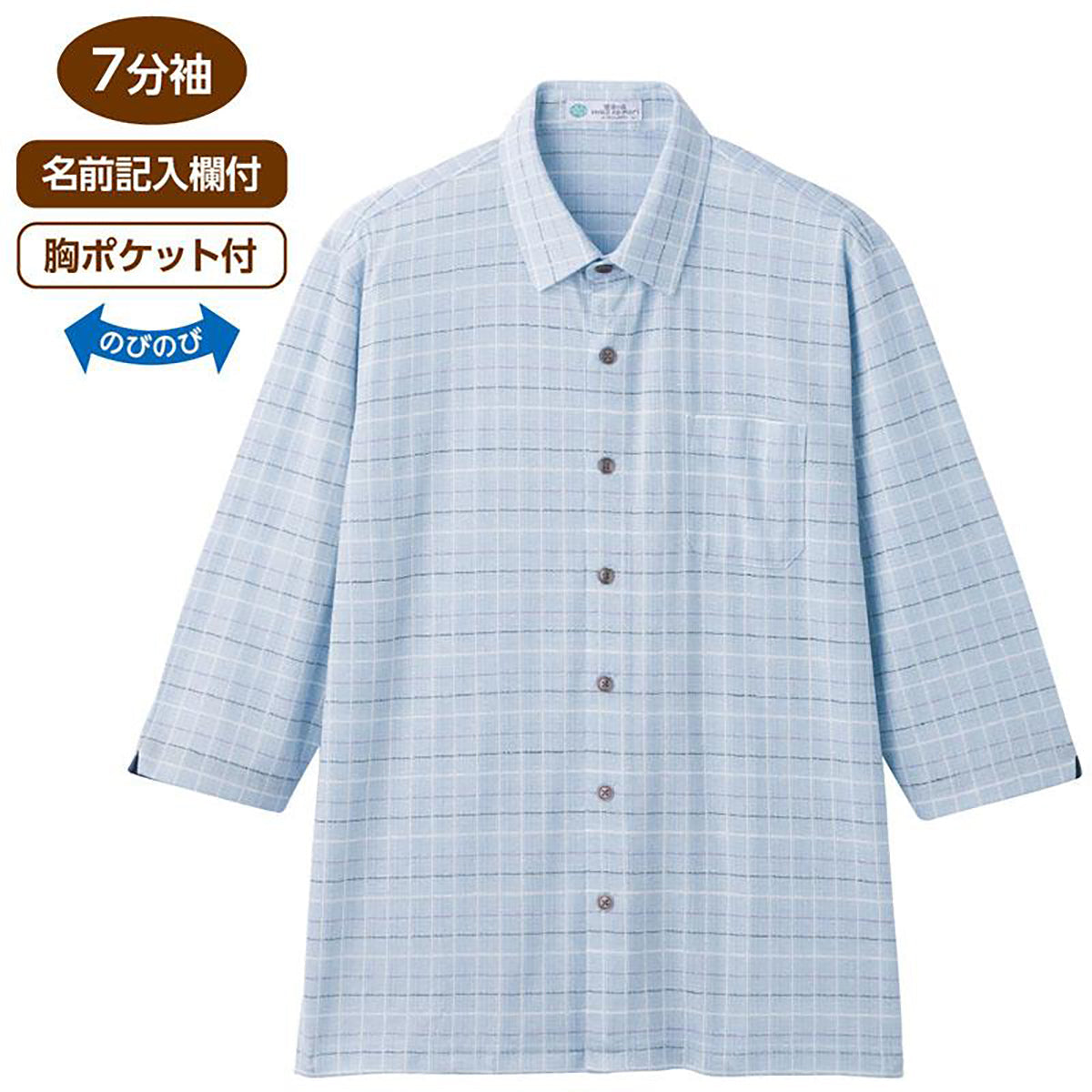斜めに開いたボタンホールにより、片手でもボタンの留め外しが負担なくできます。胸ポケットにはメガネやハンカチを収納できます。のびのび生地で動きやすいです。
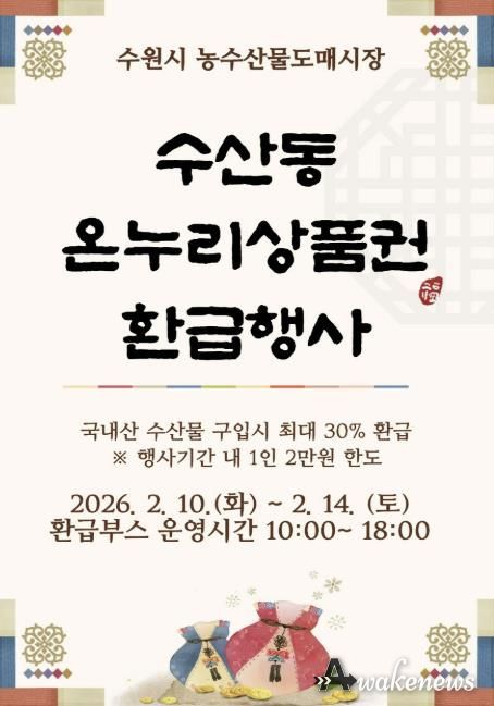 어웨이크뉴스 오경하 기자 | 수원시농수산물도매시장 수산동이 설을 맞아 2월 10일부터 14일까지 온누리상품권 환급 행사를 연다.
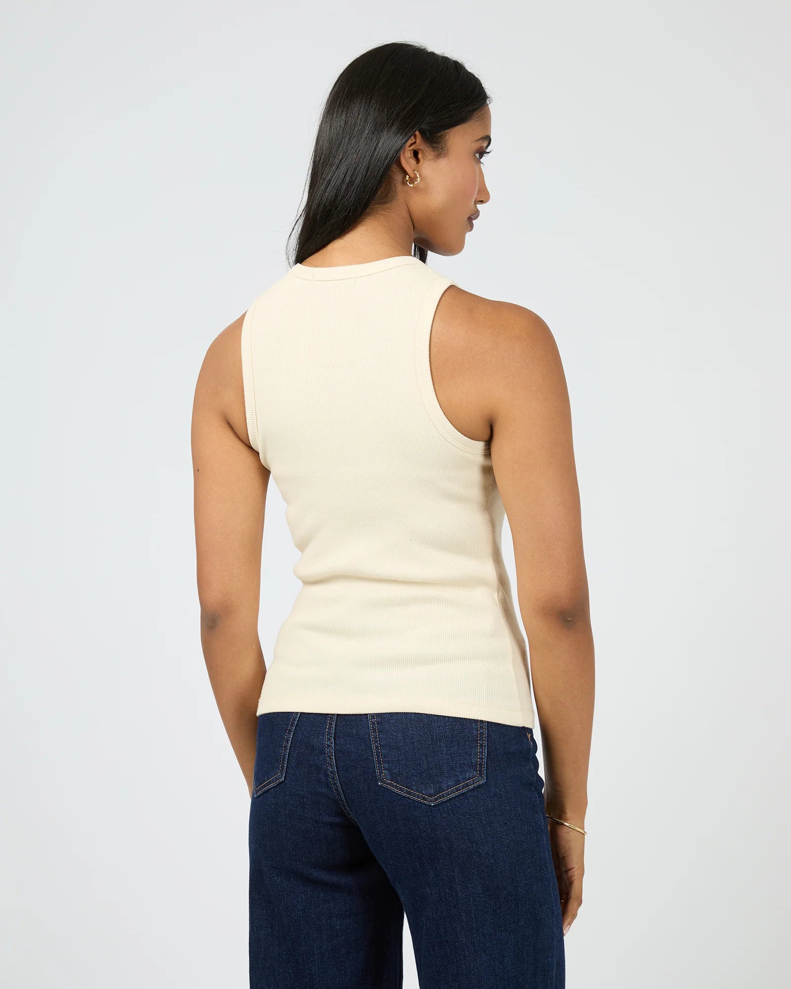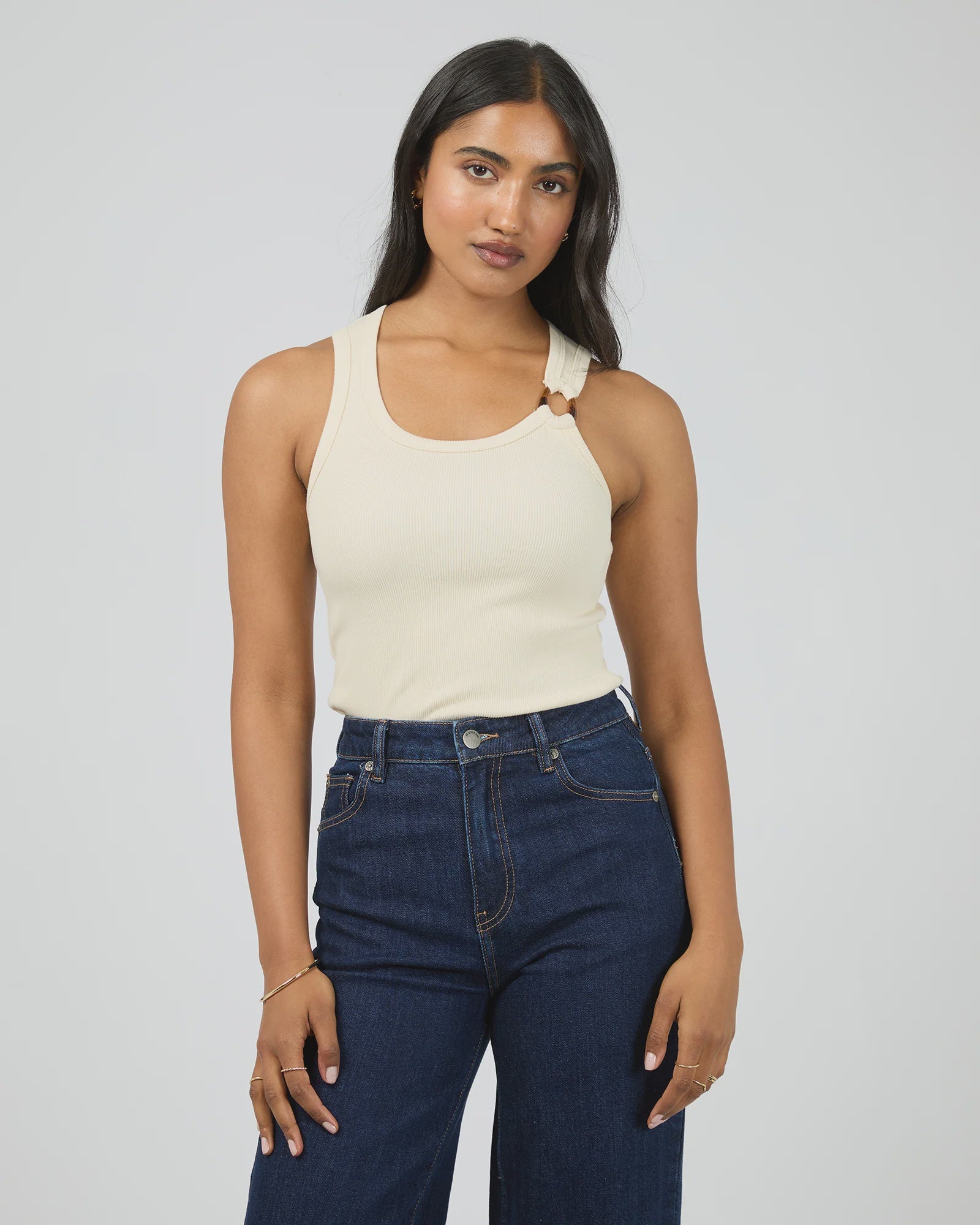 The Sierra Tank will be your go to this summer, the perfect mix of simplicity and style that were sure will become a wardrobe favourite. Made from a soft and comfortable cotton fabrication, this rib tank features a scooped neckline, fitted silhouette and a eye-catching tortoiseshell hardware detail on the strap. Pair with some denim bottoms for a more casual look or with some dress pants and heels for a fun night out.

- _Task goal_
Copy the data in full. No pictures belong in the copy.

- _Solution_
斜めに開いたボタンホールにより、片手でもボタンの留め外しが負担なくできます。胸ポケットにはメガネやハンカチを収納できます。のびのび生地で動きやすいです。
 어웨이크뉴스 오경하 기자 | 수원시농수산물도매시장 수산동이 설을 맞아 2월 10일부터 14일까지 온누리상품권 환급 행사를 연다.
 The Sierra Tank will be your go to this summer, the perfect mix of simplicity and style that were sure will become a wardrobe favourite. Made from a soft and comfortable cotton fabrication, this rib tank features a scooped neckline, fitted silhouette and a eye-catching tortoiseshell hardware detail on the strap. Pair with some denim bottoms for a more casual look or with some dress pants and heels for a fun night out.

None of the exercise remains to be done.